### WHAT YOU WILL DO
Give again, character for character, the lines that lie between the first line of the material and the line with "12月17日(金)1時間目、", inclusive. Omit pictures.

******************************

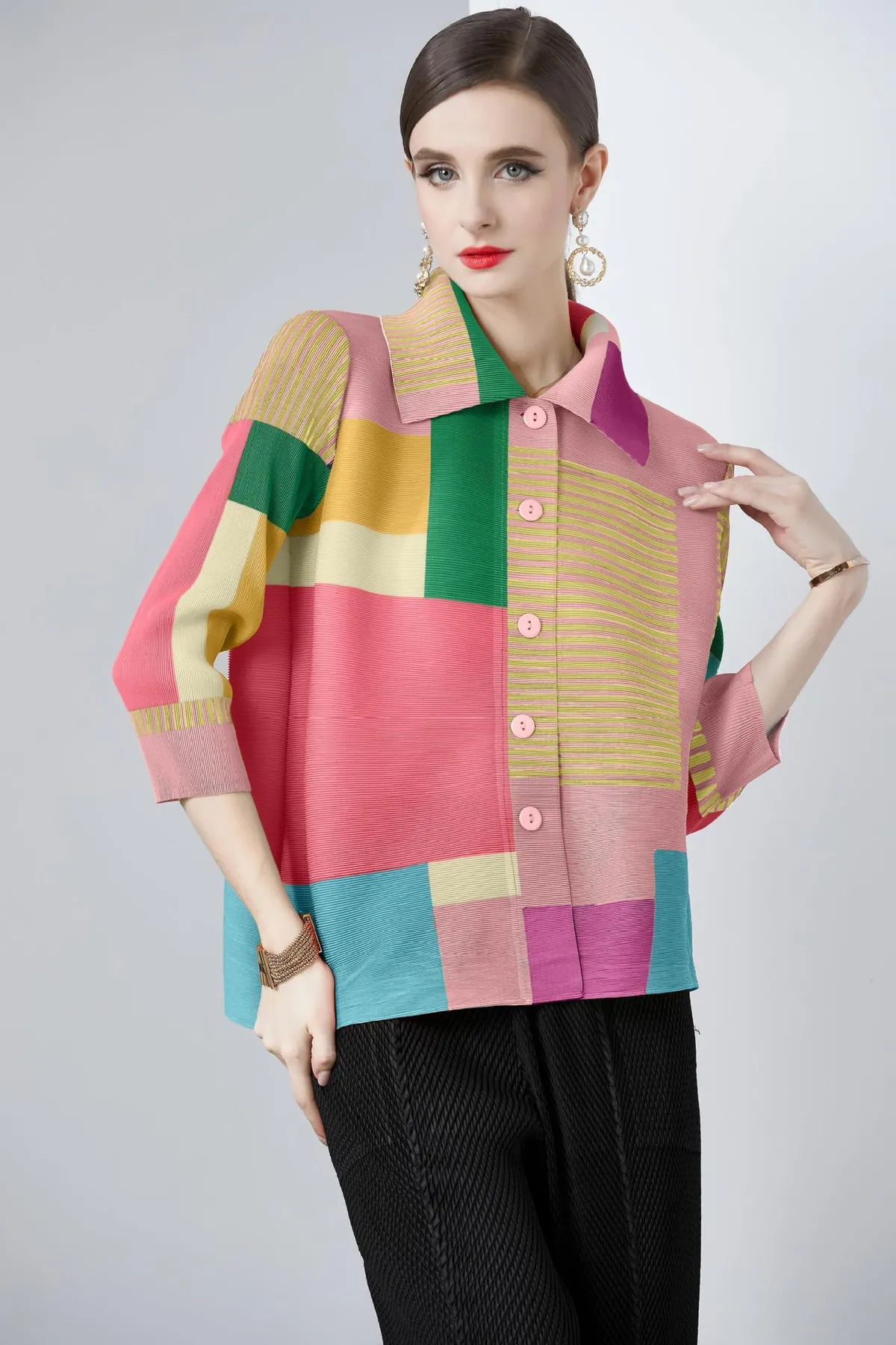 衣都精品- 新款拼色印花氣質時尚休閒皺褶外套
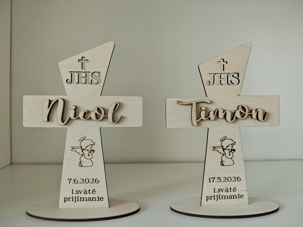 Krížik vyrobený z brezovej preglejky slúži ako milá pripomienka prijatia tejto sviatosti.
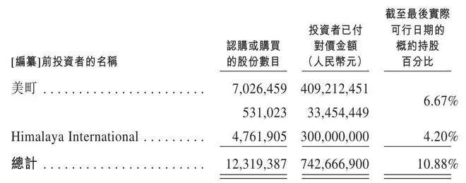 美町与自然堂于2024年10月23日订立股份认购协议并于2025年9月8日对其进行补充,据此,美町按每股股份约58元认购7,026,459股股份,对价总额为4.09亿元,已于2025年9月26日不可撤销地结清。
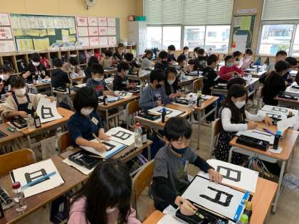 12月17日(金)1時間目、3年1組は書写で「日」という字を練習していました。「『おれ』に気を付けて書こう」というめあてで、書き順を確かめながら注意するところを確認していました。
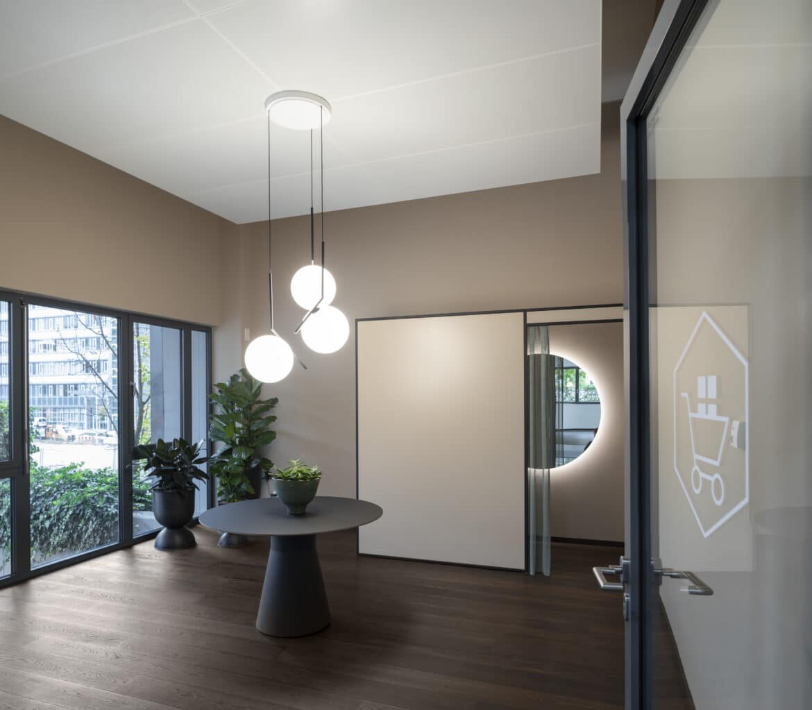 Hahn-Woehrle wollte diesen Service weiter optimieren und bat das Interior-Design-Team – die Innenarchitektin Marisa Dickau vom Büro vierdrei in Zusammenarbeit mit Werkkollektiv – den viastore pakadoo point in die Gesamtarchitektur zu integrieren. Entstanden ist ein Raum in minimalistischem Design mit klaren Linien und in naturnaher Farbgebung. „Als Gegenpol zur permanenten Verfügbarkeit und dem Konsumwahn, dem man im Alltag ausgesetzt ist, wollten wir bewusst einen Ort der Entschleunigung schaffen, dessen hochwertige Ausstattung unser Verantwortungsbewusstsein vermittelt“, betont Philipp Hahn-Woernle. Der pakadoo point erinnert ein wenig an eine hochwertige Boutique: Hier können die Mitarbeiter nicht nur Pakete empfangen und retournieren, sondern auch bestellte Kleidung direkt in der integrierten Umkleidekabine anprobieren. Ein zusätzlicher Stauraum bietet Platz für Versandmaterial. „Mit pakadoo haben wir einen offenen und flexiblen Projektpartner gefunden, der uns geduldig dabei unterstützt hat, diese individuelle Kundenlösung zu erarbeiten“, erzählt Marisa Dickau.

******************************

### EXERCISE OUTPUT
 衣都精品- 新款拼色印花氣質時尚休閒皺褶外套
 Krížik vyrobený z brezovej preglejky slúži ako milá pripomienka prijatia tejto sviatosti.
 美町与自然堂于2024年10月23日订立股份认购协议并于2025年9月8日对其进行补充,据此,美町按每股股份约58元认购7,026,459股股份,对价总额为4.09亿元,已于2025年9月26日不可撤销地结清。
 12月17日(金)1時間目、3年1組は書写で「日」という字を練習していました。「『おれ』に気を付けて書こう」というめあてで、書き順を確かめながら注意するところを確認していました。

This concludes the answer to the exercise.